Exercise instructions:
Reproduce only the lines below from the line containing "(SOE, sala de" to the line containing "Construcții noi în orașul Pitești", exactly as written, with both end lines kept. Omit the pictures.

Dataset:
==================================================

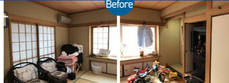
以前、夫妻のお母様が使っていた8畳の和室。
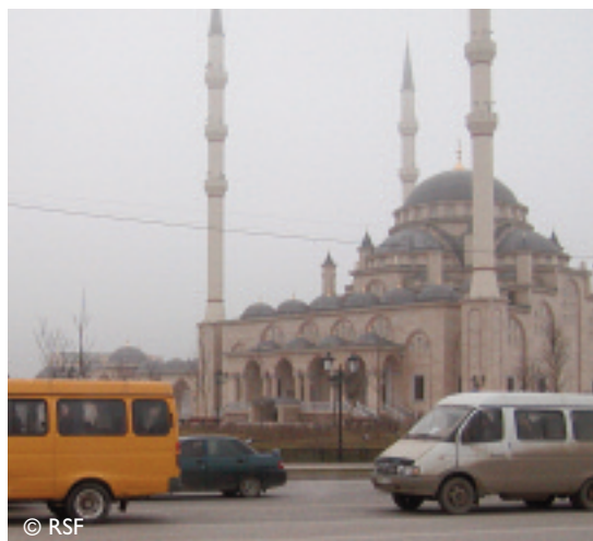
Mosquée - Centre-ville de Grozny

Selon lui, le gouvernement actuel s'est donné plusieurs objectifs, dont la moralisation de la société. Les médias sont priés d'y contribuer activement. C'est ce qui explique "la création de la chaîne Pout [religieuse], mais aussi de la diffusion de films et d'informations réalisés pour soutenir le développement moral de la population via la presse", souligne le ministre.
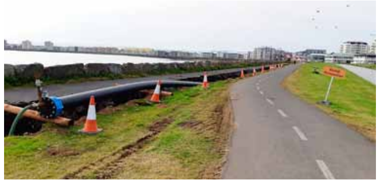
Fráveiturör bíða þess að verða lögð í jörð við Norðurströnd.

Fráveita bæjarins er í umsjá Bygginga- og umhverfissviðs og Áhaldahús Seltjarnarness sér um daglegan rekstur og viðhald.
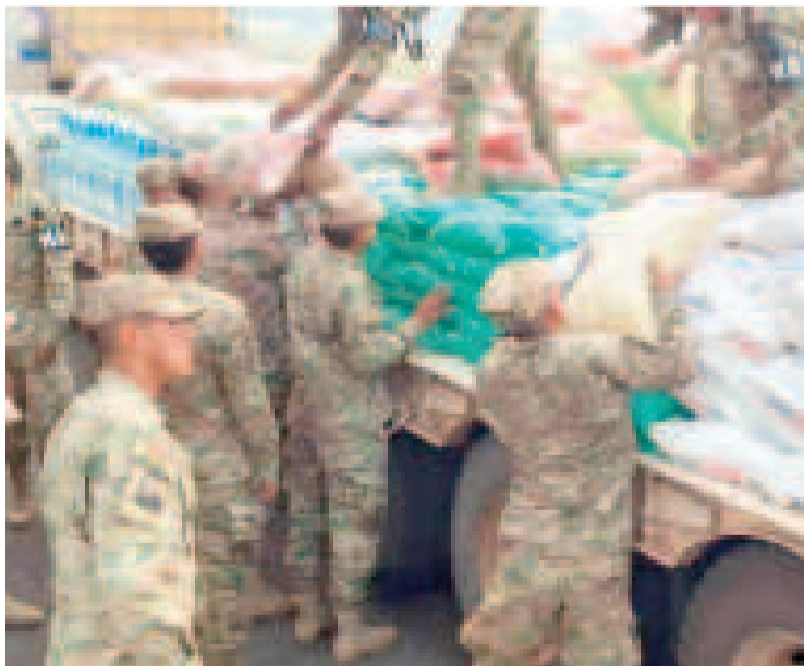
Militares colaboran en la entrega de la ayuda humanitaria.

De igual manera, 501 viviendas fueron afectadas por las lluvias e inundaciones, 324 viviendas están completamente destruidas y 20 personas fallecie-
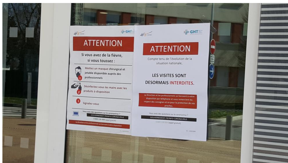
Un affichage est réalisé sur les trois sites du Centre hospitalier.

Des autorisations de visite exceptionnelles peuvent être délivrées sur accord médical.
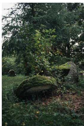
Jüdischer Friedhof Schopfloch.
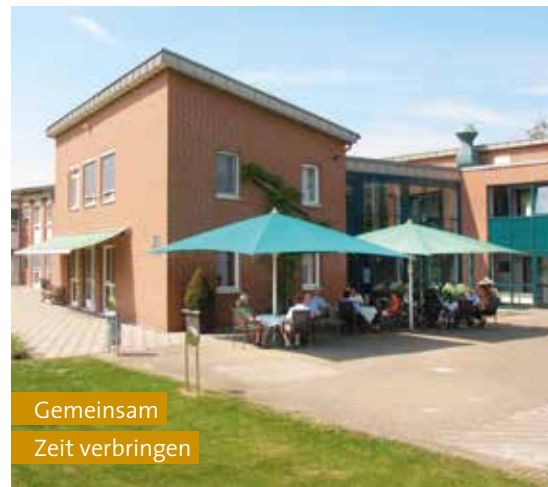
Gemeinsam Zeit verbringen
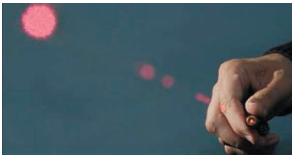
Une nouvelle arme dans l'arsenal terroriste arabe palestinien: le laser

5. Palestyńczycy coraz częściej używają nowej broni – lasera kieszonkowego. Laser taki o coraz większej mocy można kupić w sklepach. Skierowany bezpośrednio na siatkówkę oka może spowodować czasową ślepotę i np. wypadek kierowcy pojazdu. Palestyńczycy próbują używać go głównie na drodze nr 443 koło Modin biegnącej przez tereny Samarii i oślepiają jadących drogą kierowców. Zgłaszane były już też przypadki próby oślepienia pilotów samolotów podchodzących nisko do lądowania. *W przypadku zauważenia takiego światełka, wystarczy nie kierować na nie bezpośrednio wzroku i wówczas nie jest groźne.
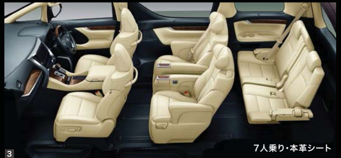
7人乗り・本革シート

Photo (1・2・3) : VL (7人乗り・2WD)。 ボディカラーのパーニングブラッククリスタルシャインガラスフレーク(222)<33,000円>はメーカーオプション。 内装色はフラクセン。オーディオレスカパー+スペーサー<3,520円(取付費が別途必要)>は販売店装着 オプション。 Photo (4) : V (7人乗り・2WD)。 内装色はフラクセン。オーディオレスカパー+スペーサー<3,520円(取付費が別途必要)>は販売店装着 オプション。
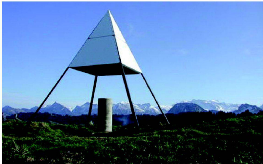
Pyramide auf dem Stöcklichrüz (Quelle: Bundesamt für Landestopografie).

Im Kanton Schwyz steht eine Pyramide auf der Rigi und eine auf dem Stöcklichrüz. Diese Pyramiden sind so genannte Fixpunkte 1. Ordnung. Die Fixpunkte 1. Ordnung bilden mit ihren Koordinaten die Grundlage der amtlichen Vermessung. An zwei Informationstagen im Jahr 2012 wird unter dem Motto «Auch die Schweiz hat Pyramiden!» auf die Pyramide bzw. den Fixpunkt 1. Ordnung auf der Rigi aufmerksam gemacht. Der interessierten Bevölkerung wird die Möglichkeit gegeben, Vermessungsgeräte unter Anleitung einer
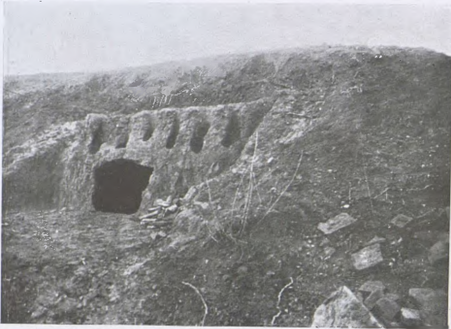
Forn ibèric descobert a Rubí. Conjunt.
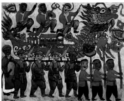
“Lễ hội cầu ngư” - Sơn dầu – Bùi Văn Quang
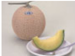
JA長生ながいきメロン

マスクメロンの美しいネット(網目)は、生長の過程で表皮の生育が止まって起きるひび割れをふさごうとする組織が発達し、盛り上がってくるためにできます。ネットの太さと密度のバランスが味に大きく影響します。
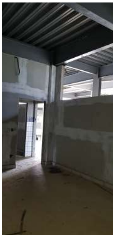
Sala dos professores

(SOE, sala de professores, coordenação pedagógica e direção)
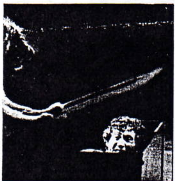
r blir Old Regnas fångad av sina hundar i
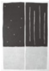
山中 現 1989 木版画

【展示作家名】 舟越桂／山本桂右／深沢幸雄／北川健次／山中現／藤田修／利渉重雄／武田史子／黒田克正／ソル・ルウィット／ロバート・マンゴールド／サム・フランシス／他
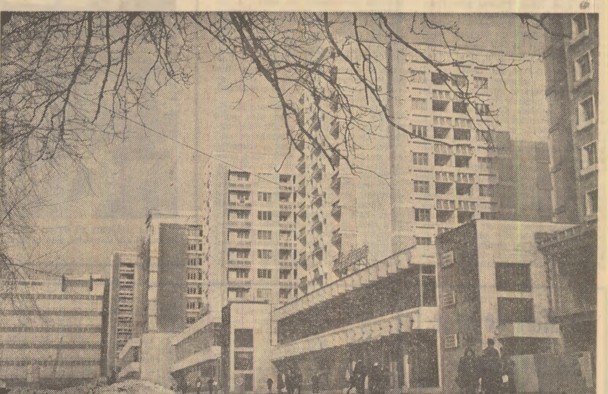
Construcții noi în orașul Pitești

În vederea antrenării tuturor cetățenilor la înfăptuirea planurilor de dezvoltare armonioasă a localităților, consiliile comunale ale Frontului Unității Socialiste din județul Arad, cu sprijinul deputaților și comitetelor de cetățeni, inițiază numeroase acțiuni de muncă patriotică pentru buna gospodărire și înfrumusețare a comunelor, precum și pentru realizarea unor însemnate obiective edilitare de
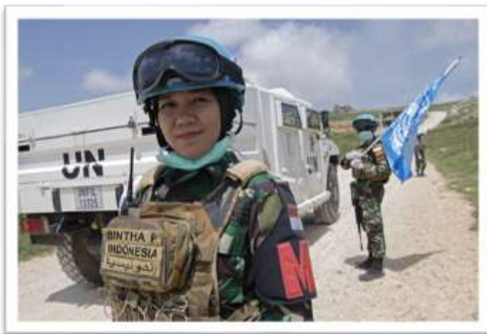
Indonesian woman soldier in UNIFIL

The full, equal and meaningful participation of women at all levels in the UN's military and police components, both as individuals as well as part of formed contingents, remains an operational priority. It is anchored in the Women, Peace and Security Agenda, the shared commitments of Member States through the Action for Peacekeeping Plus (A4P+) Initiative and is part of the Uniformed Gender Parity Strategy (UGPS). At present, there is still a significant imbalance in gender parity in the military component. Diverse teams enhance capability and effectiveness of operations. As such, this imbalance is considered a capability gap.

==================================================

Solution to the exercise:
(SOE, sala de professores, coordenação pedagógica e direção)
r blir Old Regnas fångad av sina hundar i
山中 現 1989 木版画

【展示作家名】 舟越桂／山本桂右／深沢幸雄／北川健次／山中現／藤田修／利渉重雄／武田史子／黒田克正／ソル・ルウィット／ロバート・マンゴールド／サム・フランシス／他
Construcții noi în orașul Pitești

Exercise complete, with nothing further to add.